C'est ça, cette expérience enrichissante du flow social, qui explique pourquoi beaucoup d'artistes, de philosophes et de scientifiques influents ont activement participé à des "scènes" vibrantes. Des communautés créatives, quoi, où les gens qui pensent pareil échangent des idées et s'inspirent mutuellement.
Les peintres impressionnistes, à Paris, au XIXe siècle, ils se réunissaient dans les cafés pour discuter des techniques artistiques. Cette "scène", elle a donné à Monet et Renoir de nouvelles idées sur la couleur et la lumière, qu'ils ont incorporées dans leur style de peinture révolutionnaire. À Vienne, les salons, ça a donné à Freud des idées qui ont contribué à façonner ses théories de la psychanalyse. Les discussions légendaires de l'Algonquin Round Table à New York, ça a réuni des écrivains, des critiques et des acteurs, qui ont eu des échanges spirituels qui ont non seulement affûté leurs compétences individuelles, mais ont aussi influencé la littérature et le théâtre américain de manière profonde.

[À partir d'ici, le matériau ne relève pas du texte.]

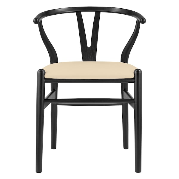 Bring this comfortable set of two natural and black upholstery wishbone back dining arm chairs to your table to enjoy long lasting quality time with your family and friends. Complete with wishbone back, this chair not only looks good but is comfortable. This armchair chair has a sleek silhouette making it ideal for seating around the table but can also double as an accent chair. Dining chairs are a great way to compliment your kitchen or dining room but can also be used in the foyer, hallway, or any room you might need extra seating. 30.50-inch h x 21.50-inch w x 20.50-inch d.
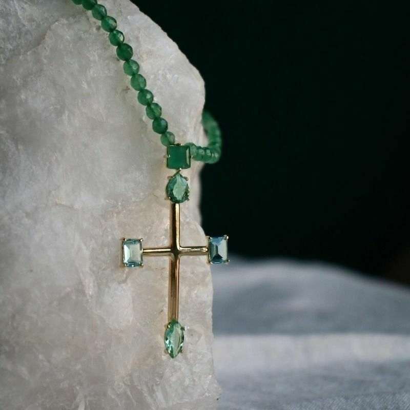 Colar Crucifixo em joia folheada, com banho de ouro amarelo 18k e cristais Berilo, Topázio sky, Jade verde com fio de pedras naturais
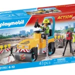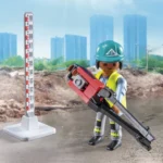 FIGURAS – 2 hombres con cascos de construcción; Accesorios: 1 rodillo, 2 barreras de tráfico con luces intermitentes amarillas, 1 medidor láser, 1 vara de medir, 2 cuñas, 1 pala, 1 escoba, 1 chaleco de seguridad, 1 bloc de notas.
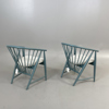 2st fåtöljer från Gemla, modell Solfjädern. Modellen ritades 1948 av Sonna Rosén och har blivit en av Gemlas mest uppskattade klassiker.
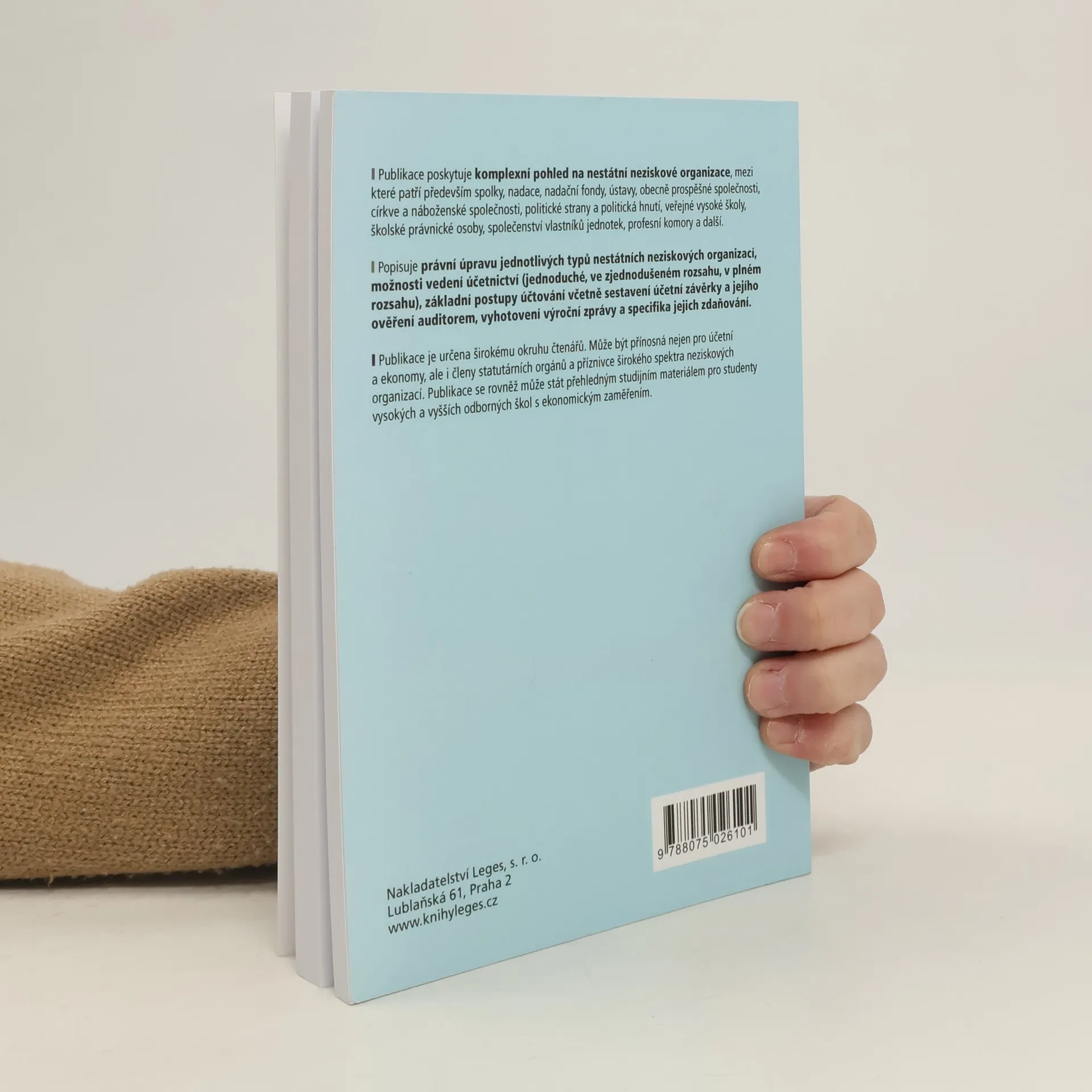 Publikace poskytuje komplexní pohled na nestátní neziskové organizace, mezi které patří především spolky, nadace, nadační fondy, ústavy, obecně prospěšné společnosti, církve a náboženské společnosti, politické strany a politická hnutí, veřejné vysoké školy, školské právnické osoby, společenství vlastníků jednotek, profesní komory a další.Popisuje právní úpravu jednotlivých typů nestátních neziskových organizací, možnosti vedení účetnictví (jednoduché, ve zjednodušeném rozsahu, v plném rozsahu), základní postupy účtování včetně sestavení účetní závěrky a jejího ověření auditorem, vyhotovení výroční zprávy a specifika jejich zdaňování.Publikace je určena širokému okruhu čtenářů. Může být přínosná nejen pro účetní a ekonomy, ale i členy statutárních orgánů a příznivce širokého spektra neziskových organizací. Publikace se rovněž může stát přehledným studijním materiálem pro studenty vysokých a vyšších odborných škol s ekonomickým zaměřením.
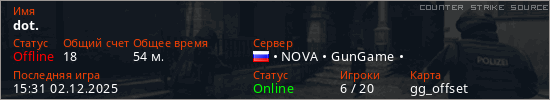 Играет на Counter Strike Source сервере. Страна: РоссияПервый раз замечен 16:39 11.08.2025
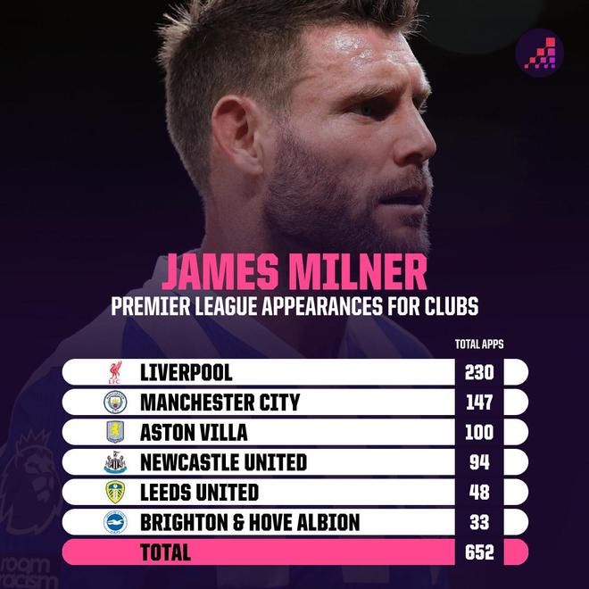 據(jù)統(tǒng)計,米爾納已經(jīng)在英超出場652次,如果周日他出戰(zhàn)水晶宮,這位40歲老將將追平由巴里保持的英超歷史出場紀錄(653場)。
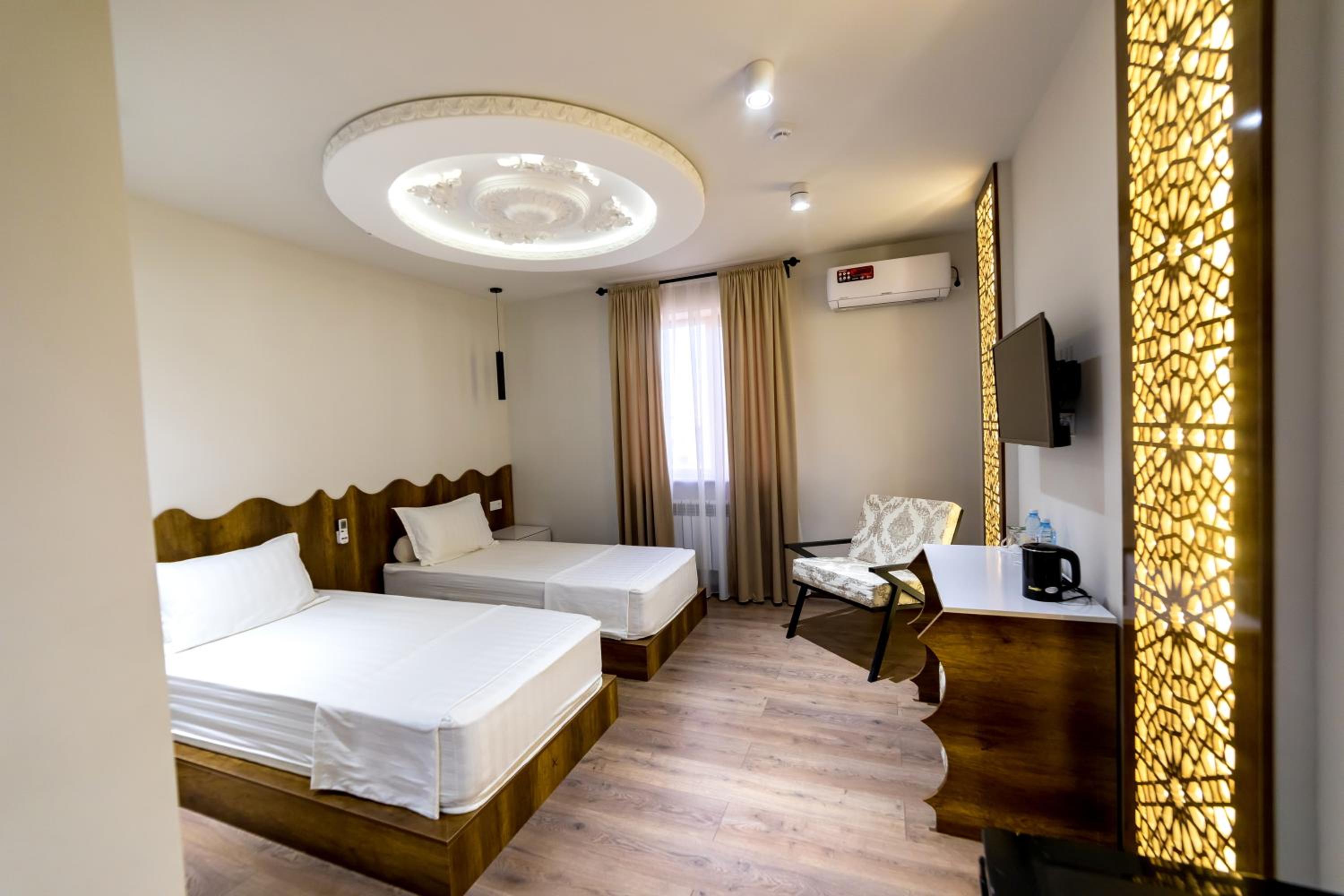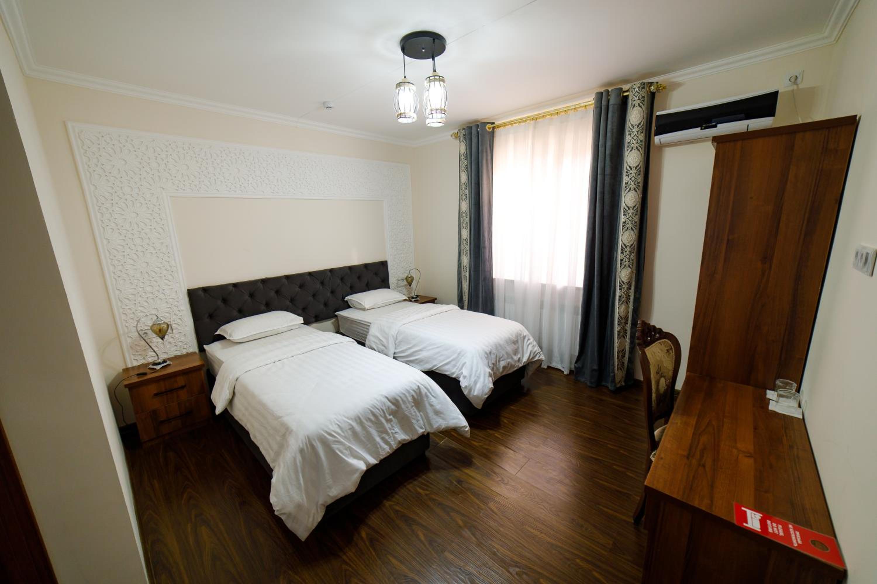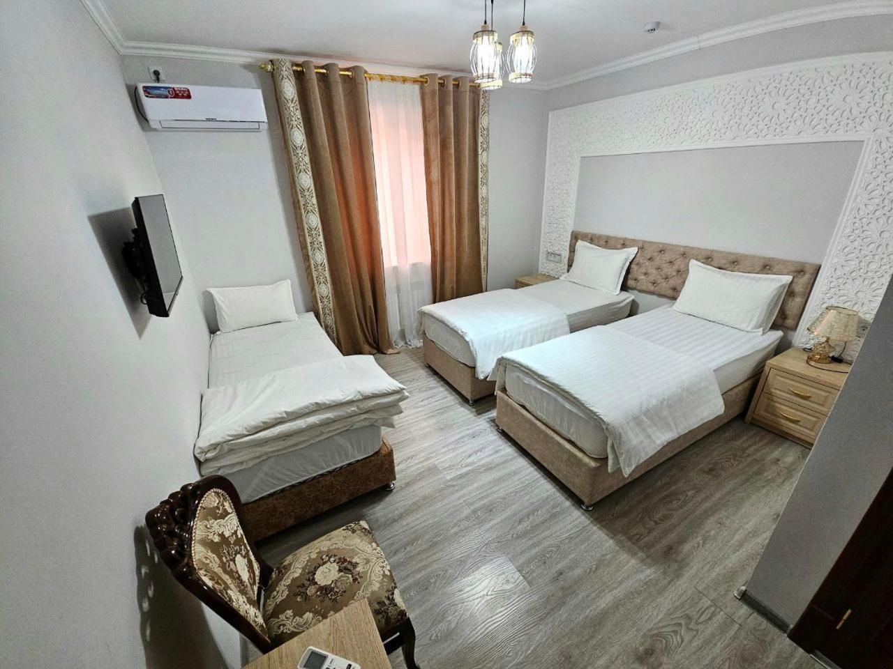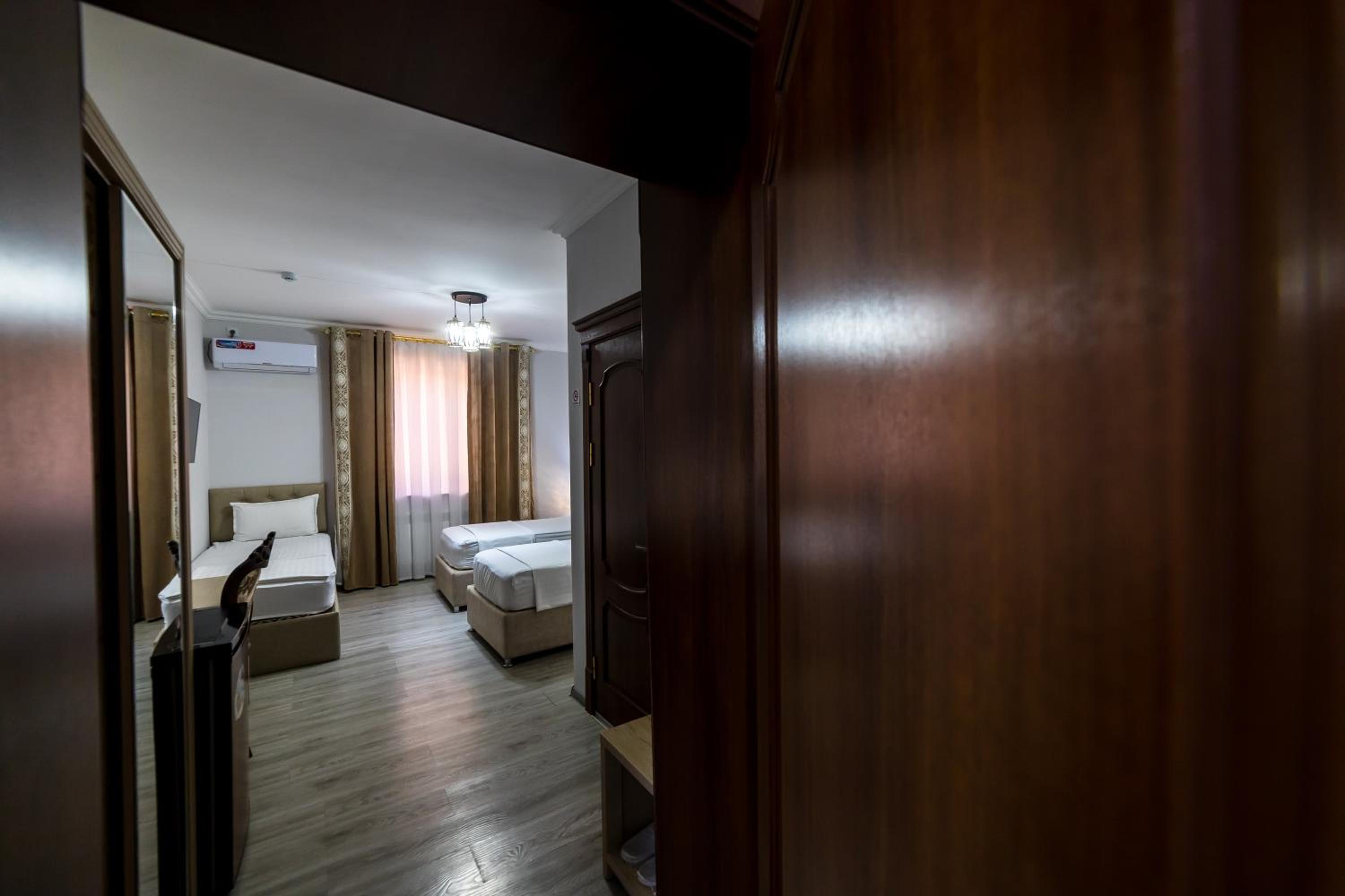 Новый, современный отель в самом сердце старого города Хива. Отличное расположение — все главные достопримечательности в пешей доступности. Персонал очень приветливый и вежливый, всегда готовы помочь. Номера просторные, кровати удобные, всё очень чисто и уютно. Остались только самые положительные впечатления от проживания. Отдельное спасибо хозяину отеля — он лично отвёз нас в аэропорт Ургенча. Всем рекомендуем этот отель, обязательно вернёмся снова!
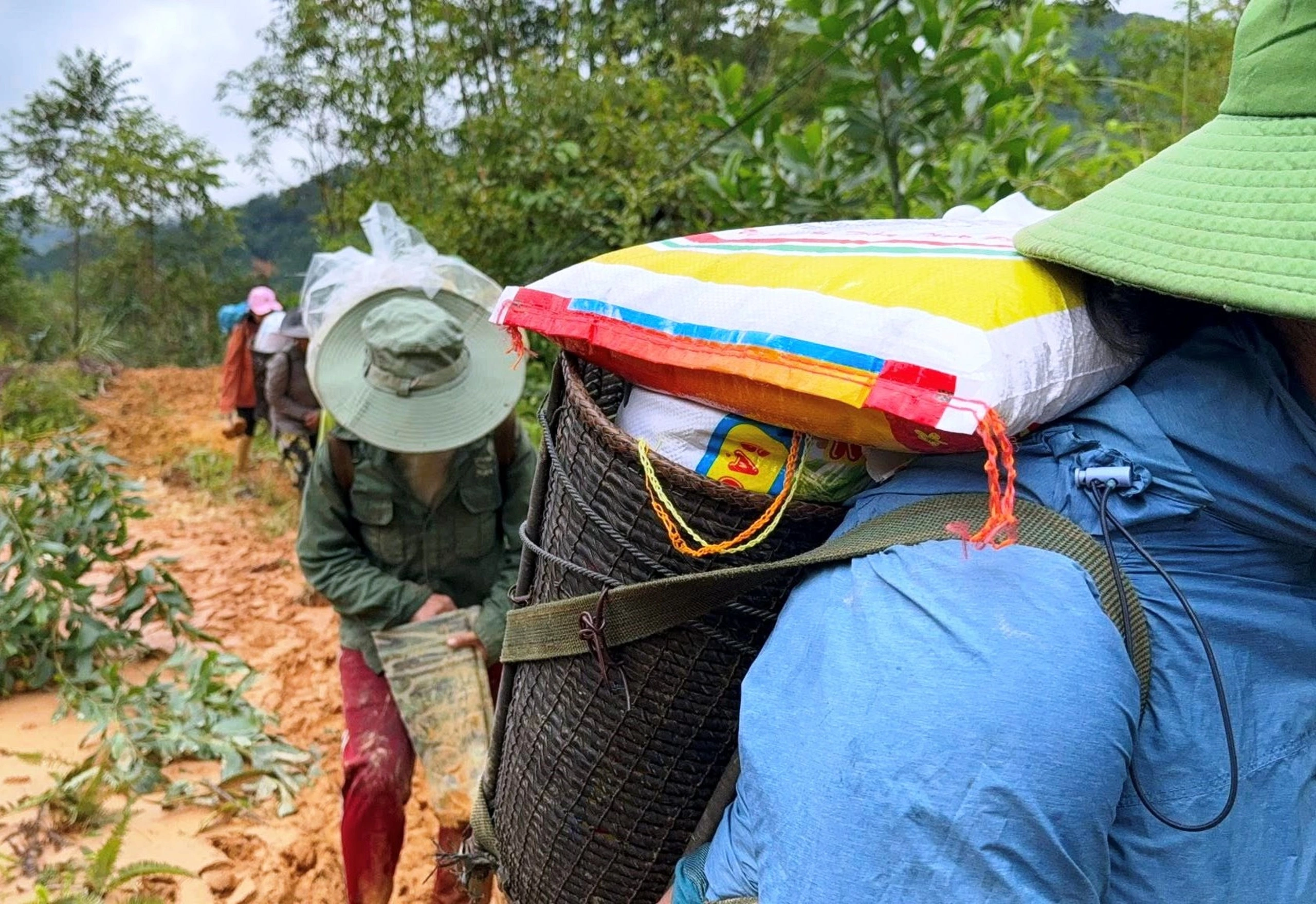 "Cả thôn bị cô lập rồi, mình không gùi thì bà con trong đó lấy gì ăn. Mình còn sức, còn chân, thì phải đi thôi", anh Cơlâu Dũng quả quyết. Gùi của anh nặng gần 20 kg, toàn mì tôm, gạo, muối và vài chiếc áo ấm. "Đường sạt, nhiều đoạn phải bò qua. Có chỗ đất sụt, bùn lút đến đầu gối. Nhưng nghĩ đến bà con đang bị cô lập, mình phải cố gắng bước tiếp", anh nói với chất giọng khàn trong gió núi.
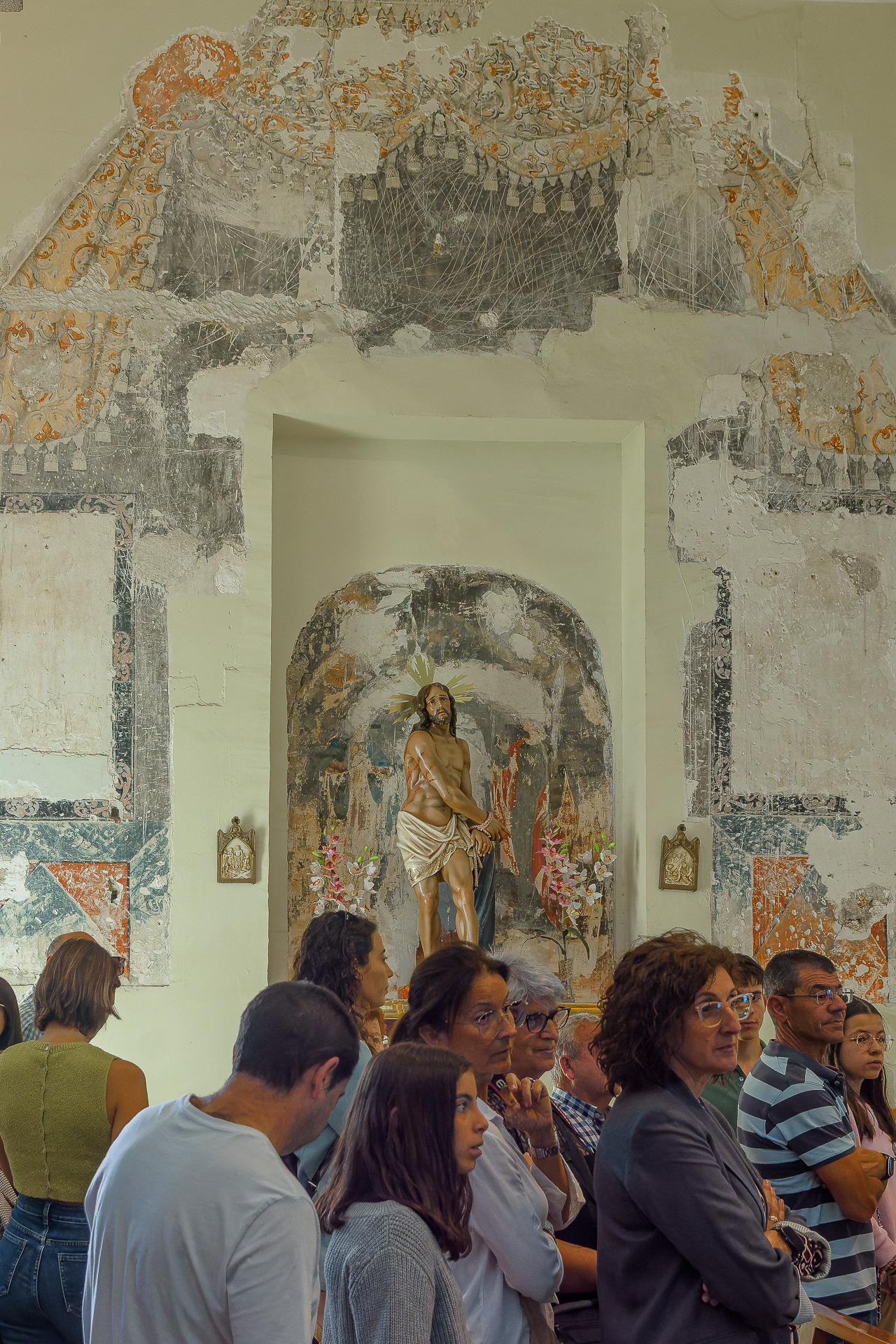 La visita comenzaba en el centro del pueblo de la mano de Atenea que, tras un recorrido por las calles comentando la historia del pueblo, nos llevaba hasta la iglesia de San Pedro y San Pablo, una verdadera joya del patrimonio de la localidad, y en donde pudimos observar el tesoro artístico más importante que alberga la iglesia, en concreto, un óleo sobre tabla de La Piedad, obra del célebre pintor del siglo XVI Luis de Morales, apodado «el divino».
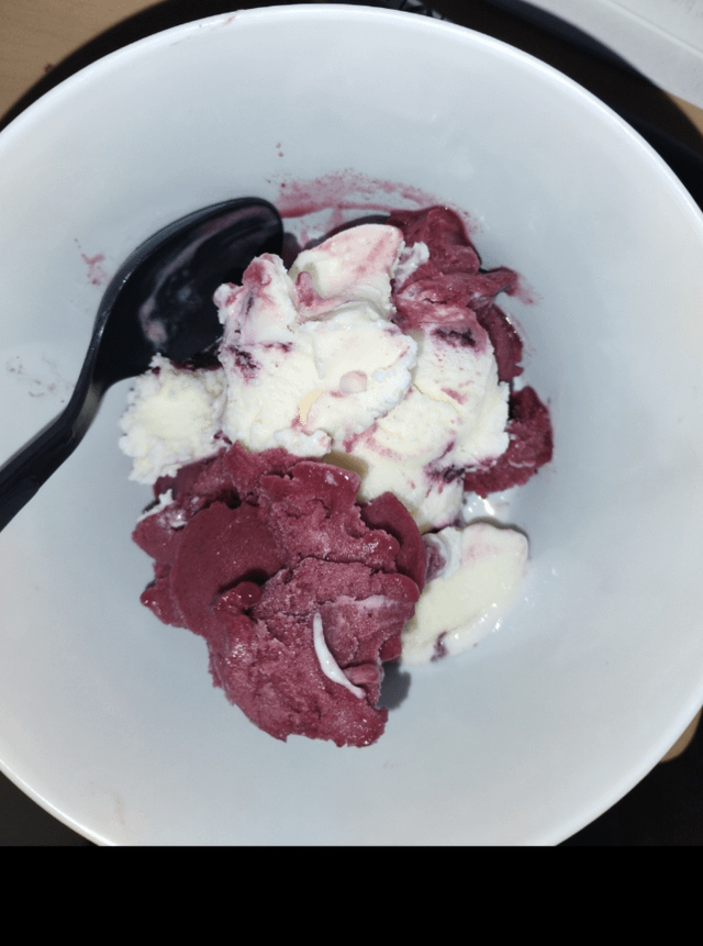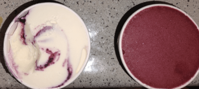 Jeni's Lemon and Blueberry Parfait is all lemon; even the pockets of pure blueberry swirl taste lemon. Haagen-Dazs Summer Blueberry and Lemon is all blueberry with little to no citrus. So I combined them for proper balance and together, they really do complement each other! I recommend this for anyone disappointed in the individual flavors for the same reason.

Le Bloomsbury Group, c'était une scène intellectuelle et artistique au début du XXe siècle à Londres, où Virginia Woolf échangeait des idées avec des pairs comme John Maynard Keynes et E. M. Forster.
Tout au long de l'histoire, ces lieux, ça a été un terrain fertile pour la croissance créative et intellectuelle. "C'est beaucoup plus facile de garder une pensée pendant un salon, même pendant des heures et des heures, que d'y penser tout seul", expliquait Anna Gát, qui est en train de faire revivre le salon du XIXe siècle avec Interintellect, une communauté conçue autour de conversations réfléchies et respectueuses. "Les salons, ils créent une expérience d'humanité partagée. On peut co-penser ensemble, en conversation." En débloquant la puissance du flow social, les membres d'Interintellect ont écrit des livres ensemble, créé des entreprises, quitté leur emploi, ou même déménagé dans un autre pays parce qu'ils ont été inspirés par ce réseau mondial.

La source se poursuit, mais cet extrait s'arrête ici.